Part 27: Sub-Season 4B. Red Thunder (F-100D Super Sabre)
Sub-Season 4B. Red Thunder - Cooking With Gas (F-100D Super Sabre)quote:
Dear Mum,
The fireworks we made were very pretty! Now the guys say, that to really overcome my new-found fear of flying, I must handle something, which looks just like that not so super plane. They explained, that it will behave now, and that the new white rockety things will let me do my work without making any sharp turns. I shall take a few paper bags with me, just in case.
Hugs and sloppy kisses,
Baldrick
The (AIM-9)B-reel
In which you might start having doubts about our new weapon
The loadout options are rather average, the entire Mk.80 series are on display. SF2 also has a couple of later modifications of F-100D, but none of them support AGM-12 Bullpup. In fact, Bullpup is completely absent from the sim. Probably, because the developer found manual guidance too hardcore.
P.S.
Makrond posted:
The 'strange fins' on the wings of the Super Sabre are wing fences.

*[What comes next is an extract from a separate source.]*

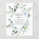 Die preisgekrönten blauen Rose und die Eukalyptus Botanischer Grüner Wasserfarben Frühling oder Sommerdusche Hochzeitsdusche Einladungen - beinhalten wunderschöne und elegante Schriftzeichen mit modernen tropischen botanischen Blume und Grün für die besondere Hochzeitsfeier.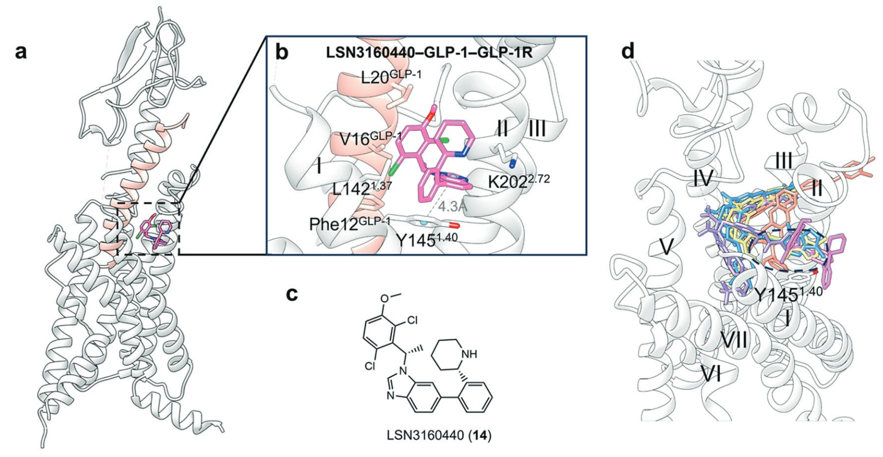 在结合口袋中,LSN3160440的苯并咪唑结构(图15c)与Leu142^1.37形成疏水互作,并与Tyr145^1.40形成芳香堆叠(图15b)。突变与MD模拟也提示,苯并咪唑N3可能通过水分子介导与Lys202^2.72形成氢键。值得注意的是,LSN3160440还能与GLP-1同时形成相互作用,发挥类似“分子胶”效应,其2,6-二氯-3-甲氧基苯基部分可同时与GLP-1的Phe12、Val16与Leu20产生疏水接触。

They're basically omnipresent on early Cold War-era jets, partly because swept wings have a tendency to stall in horrible ways, and partly because designing planes right the first time is hard. The short version is, wing fences make the plane more predictable when it stalls and makes it less likely to do something that makes the stall worse, such as pitch up hard and enter an unrecoverable spin.
The longer version:
Vortices on the top of the wing increase drag and reduce effective lift, which makes the wing very likely to stall. These vortices can be caused by, among other things, boundary layer separation at high angles of attack (ie, a plane pitching up sharply). In the F-100D's case they placed the wing fences near the ends of the wings, preventing the vortices from spreading to the wingtips (well, unless you really fuck up) and stopping the airflow from turning too far spanwise ('sideways' from the perspective of the wing) at low speeds. This prevents the sudden pitch-up that the F-100A and other early Century-series fighters suffered from when entering both high-speed and low-speed stall states, which would generally then result in a flat spin, a very dangerous type of spin that is difficult to recover from. The other side of this however is that because the rest of the wing will still have vortices on top, the plane will still drop one wing and enter a spin in a high-speed stall (pitching up too sharply at speed). Fortunately, it will likely be a steep spin with the nose already pointing below the horizon, making recovery easier. The F-100D is also better balanced and has a slightly lower wing loading than its predecessors, giving it a much better chance of recovery from a steep spin.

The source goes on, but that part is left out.